Monday, November 2, 2009

Down came the rain

Wow, I can't believe it's been so long since my last post! It's been a very difficult few months for my family. Some of you may already know I'm going through an (eek) divorce. I do not advocate divorce at all...quite the opposite, but sometimes you try to fix, deal, forgive...and a year goes by and then a few months more. One day there comes a point that you just know in your heart things will never be as they were. I knew from watching my own parents' marriage that staying in an unhappy marriage "for the kids" is one of the worst things you could do for your kids! My decision was a looong time coming and I didn't give up without a fight, but in the end I had to do what was best for all of us.
 
Some of you may also know that I have suffered for nine years with Panic Disorder/Agoraphobia and after many years (and many meds) I finally found a medication/psychiatrist combo that made me feel 80% better....but I still panicked at the steering wheel. I still couldn't be alone. My eyes still scanned the room for the phone/exits. Anxiety makes you feel dependant on people closest to you and sometimes the one closest to you isn't exactly someone you feel you can depend on...if that makes any sense. I felt very unhappy in my marriage but I was also terrified of being "out there" in the world; I have known for a long time that it was my own fears that kept me in the miserable position I was in. In the past, huge life changes happened to me, not because of me andhere I was, forcing this huge change! 
 
We have been doing a lot of this lately :)
And I'm not going to lie, it was scary but I pushed through those fears. I had a five year old that needed to be enrolled in k-5 in two weeks so I literally forced myself to do things I hadn't done in years. It was a crash course in exposure therapy but it was exactly what I needed to get over a huge peak with this panic disorder....so that's a good thing!
 

"Silly Sock" Day at school
All that matters to me are those two, my precious girls. Thank God for my parents who have helped us financially. My dad, who has lent his new car for me to drive since this mess began and who has kept the tank full; who has paid for repairs that needed to be made to the townhouse and let me do our laundry at his house. My mom, who has looked after my health (I was down to 99 lbs) and would take me and the girls out to eat, get me vitamins, help with the kids and remind me to pray. I'm especially thankful for my sister who has helped toughen me up and who has had my back throughout all the hell I've endured in my marriage. I don't know what would have happened had I not had (and still have) her pushing me. Zoe wouldn't have had school clothes or school pictures, presents for her birthday if it were not for them. So this is my public thank-you to them and to all of you who have prayed and sent kind thoughts to us during this time. We love you so much!

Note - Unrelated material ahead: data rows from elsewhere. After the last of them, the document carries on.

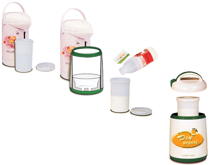 將煮沸熱水倒入發酵器內,至標示水位線即可。再將盛有鮮奶的內容器放入發酵器內,封蓋保溫10至12小時,取出內容器,看到凝結成布丁狀便可食用,或放入冰箱冷藏,4天內吃完最佳。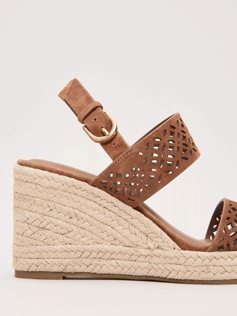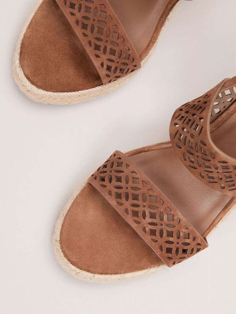 Suede heeled sandals from Phase Eight, featuring a comfortable 6cm wedge heel, leather lining, and easy buckle fastening.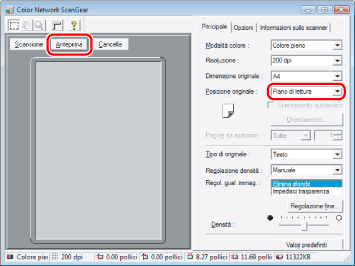 Selezionare [Piano di lettura] per [Posizione originale] → fare clic su [Anteprima].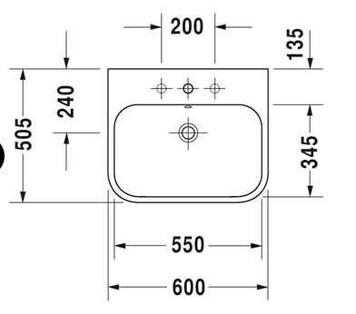 Duravit Møbelhåndvask 600mm Happy D.2 Hvid, med overløb med hanehul
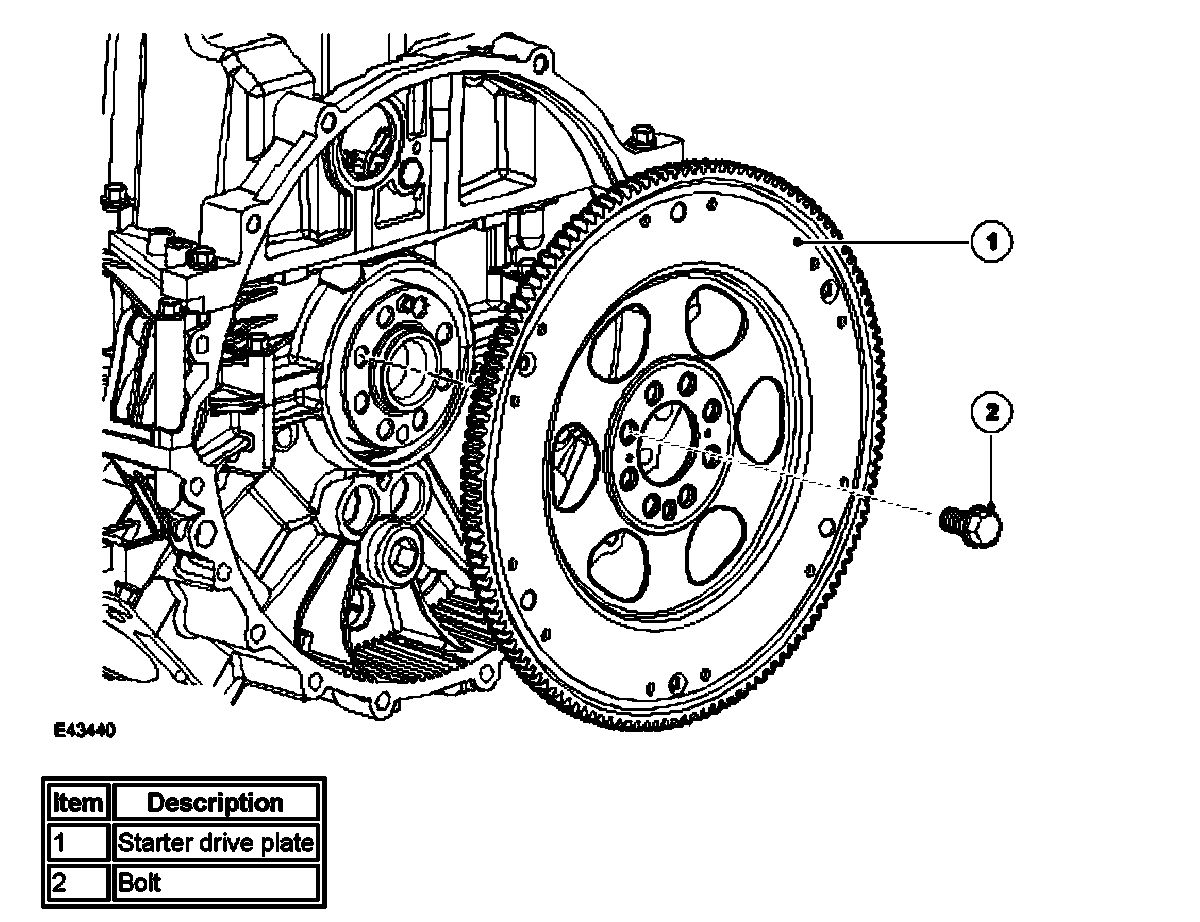 The starter drive plate is attached to the rear of the crankshaft. A timing disc, for the engine speed sensor, is spot welded to the front face of the drive plate.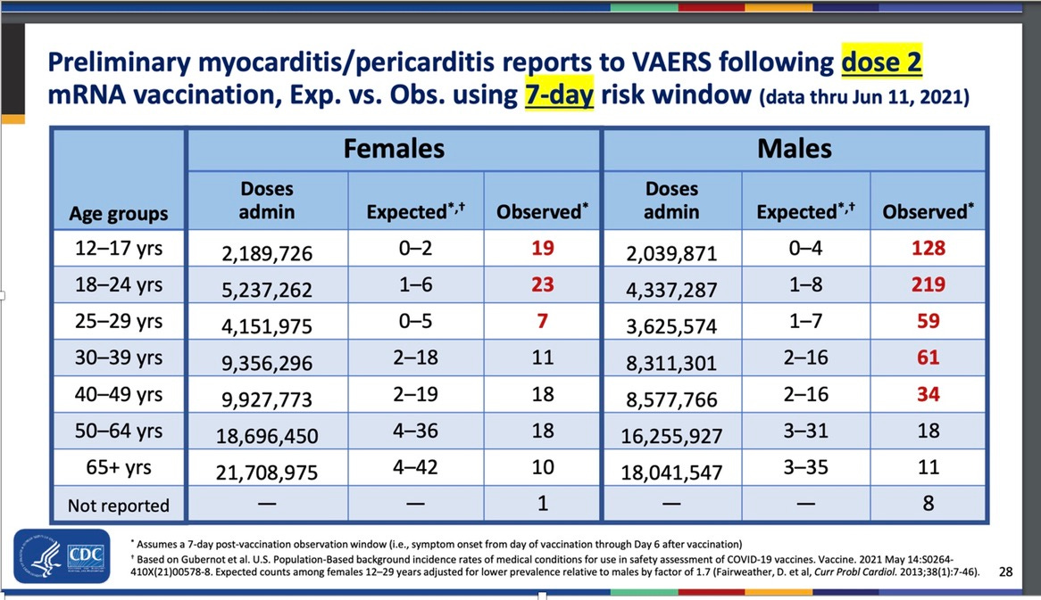 Below you can see early evidence revealing that by June 2021 the government was well aware of the myocarditis problem in young men and women. So the brief benefit from the vaccine, which vanishes by 6 or 7 months, is accompanied by a risk of acute or chronic heart disease that is greatest in those who benefit least.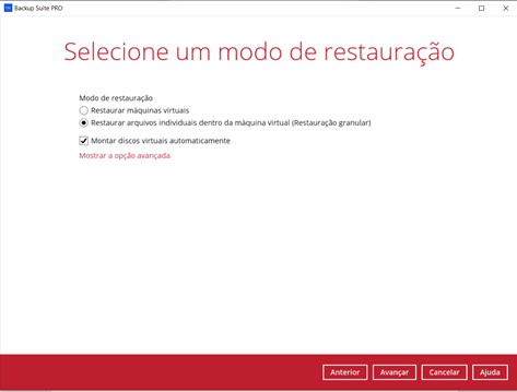 Passo 4: Selecione a opção “Restaurar arquivos individuais dentro da máquina virtual”. Selecione a opções “Montar discos Virtuais automaticamente”.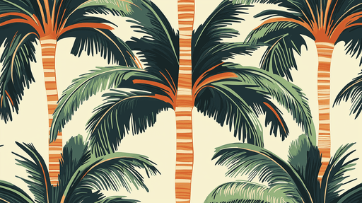 View full detailsMural Wallpaper palm trees | Vibrant pattern of green and orange palm trees on a light background
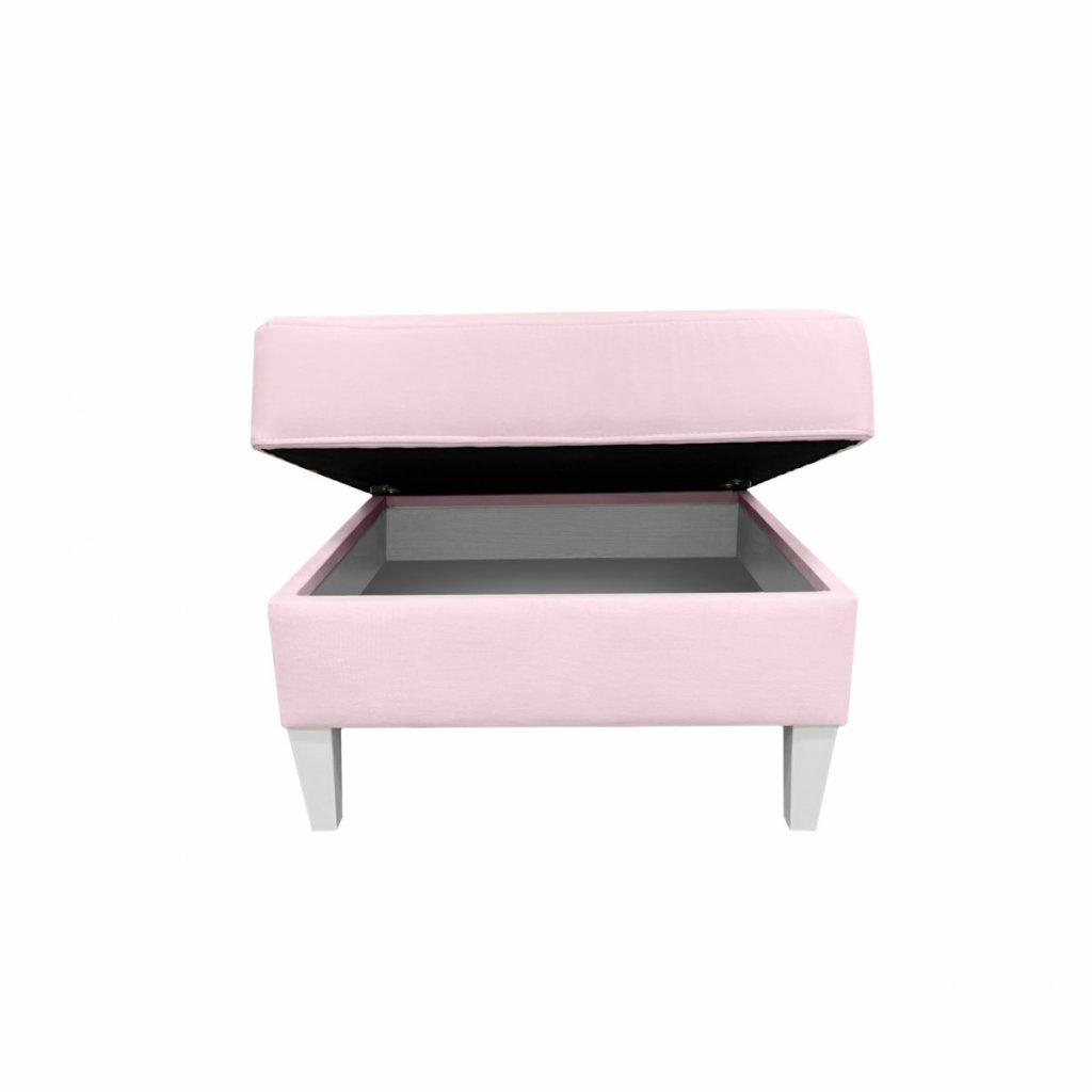 Elegantné puf kreslo vyrobené z prateľnej látky v ružovej farbe. Puf je zároveň úložným priestorom - má otváracie veko. Je to krásny kus nábytku do detskej izby, spálne alebo obývačky.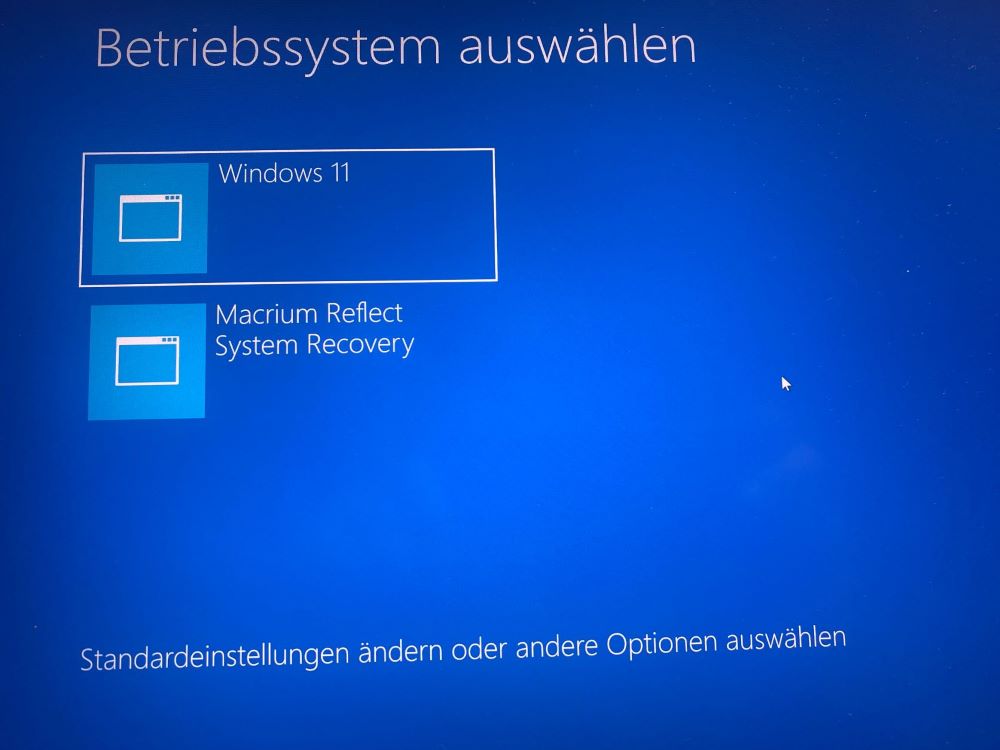 Macrium Reflect 8 hat zum booten eine Auswahl hinzugefügt, vielleicht ist diese die Bremse?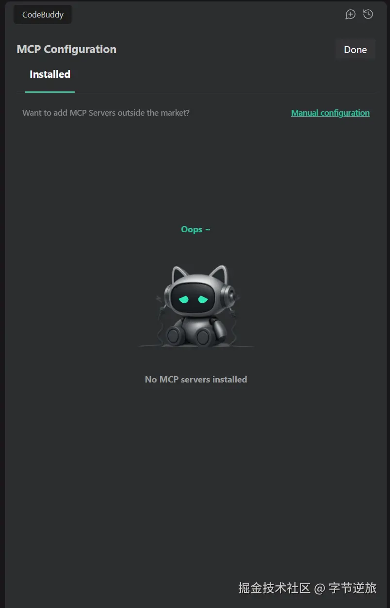 初次尝试在CodeBuddy上添加MCP服务时,我着实有点摸不着头脑。印象中,这类功能应该会有一个类似“MCP服务市场”的入口,让用户可以方便地选择和添加服务。然而,在这个IDE里,我并没有找到类似的功能。

I'll end this this post on a happy note.I'd like to introduce my new niece, Alaisha Nadine, born on Zoe's birthday, September 23rd....complete with that new baby smell!
* Shop News: I'm so sorry it has taken so long to get back to Etsy and I apologize to anyone who has been waiting, any convos I have neglected to reply to or get back to...I'm so sorry :( I hope this post helps everyone understand. I have an update up my sleeve....I'll definitely let you know when!